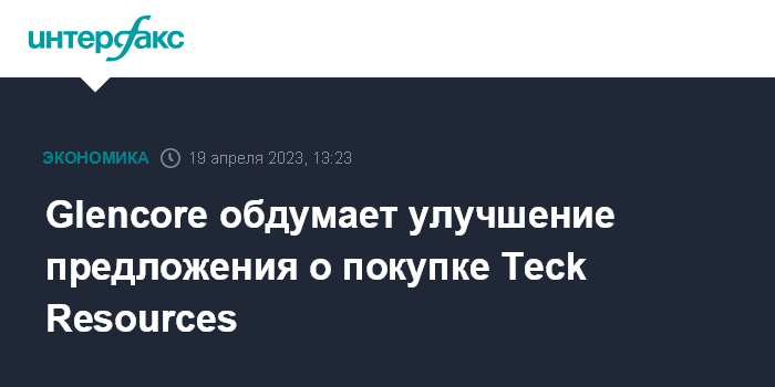 Москва. 19 апреля. INTERFAX.RU - Glencore Plc готова рассмотреть возможность улучшения предложения о покупке Teck Resources Ltd., говорится в ее открытом письме к акционерам канадской компании.
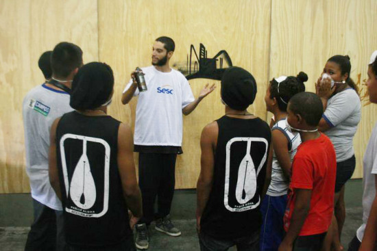 As oficinas acontecem no contraturno escolar, três vezes por semana, durante quatro horas por dia, uma iniciativa do Sesc nas unidades escolares parceiras, com o objetivo de contribuir para a melhoria de vida da população. São desenvolvidas quatro oficinas, duas antes e duas após a culminância. Desde a semana passada, os alunos estão aprendendo técnicas de grafite e bioartesanato, até completar o total de 24 horas em cada curso. A partir da próxima semana, eles vão iniciar a oficina para DJ e bordado misto. Cada turma abre vagas para até 30 alunos.
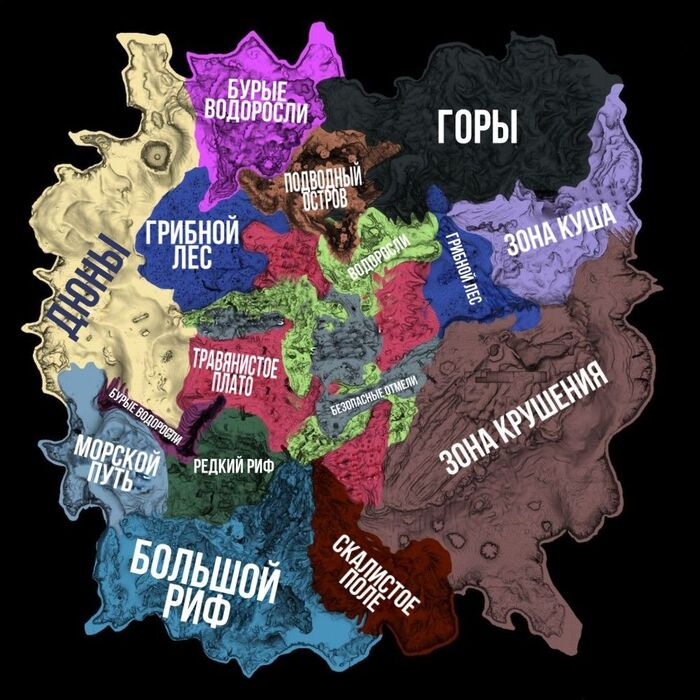 Впрочем, остальные биомы ничуть не уступают стартовому в красоте, они просто другие. Есть загадочно-таинственные, как та же подводная река, есть откровенно пугающие, как зона кровавых водорослей с её отвратным обзором и фосфорицирующими наростами, есть простенькие, но элегантные, как грибной лес, а есть откровенно инфернальные, как лавовый биом.
════════════════════
Exercise → Exactly as they appear, transcribe the lines from the top of the material above through the line with "As oficinas acontecem". Omit any picture.

Answer space →
 Москва. 19 апреля. INTERFAX.RU - Glencore Plc готова рассмотреть возможность улучшения предложения о покупке Teck Resources Ltd., говорится в ее открытом письме к акционерам канадской компании.
 As oficinas acontecem no contraturno escolar, três vezes por semana, durante quatro horas por dia, uma iniciativa do Sesc nas unidades escolares parceiras, com o objetivo de contribuir para a melhoria de vida da população. São desenvolvidas quatro oficinas, duas antes e duas após a culminância. Desde a semana passada, os alunos estão aprendendo técnicas de grafite e bioartesanato, até completar o total de 24 horas em cada curso. A partir da próxima semana, eles vão iniciar a oficina para DJ e bordado misto. Cada turma abre vagas para até 30 alunos.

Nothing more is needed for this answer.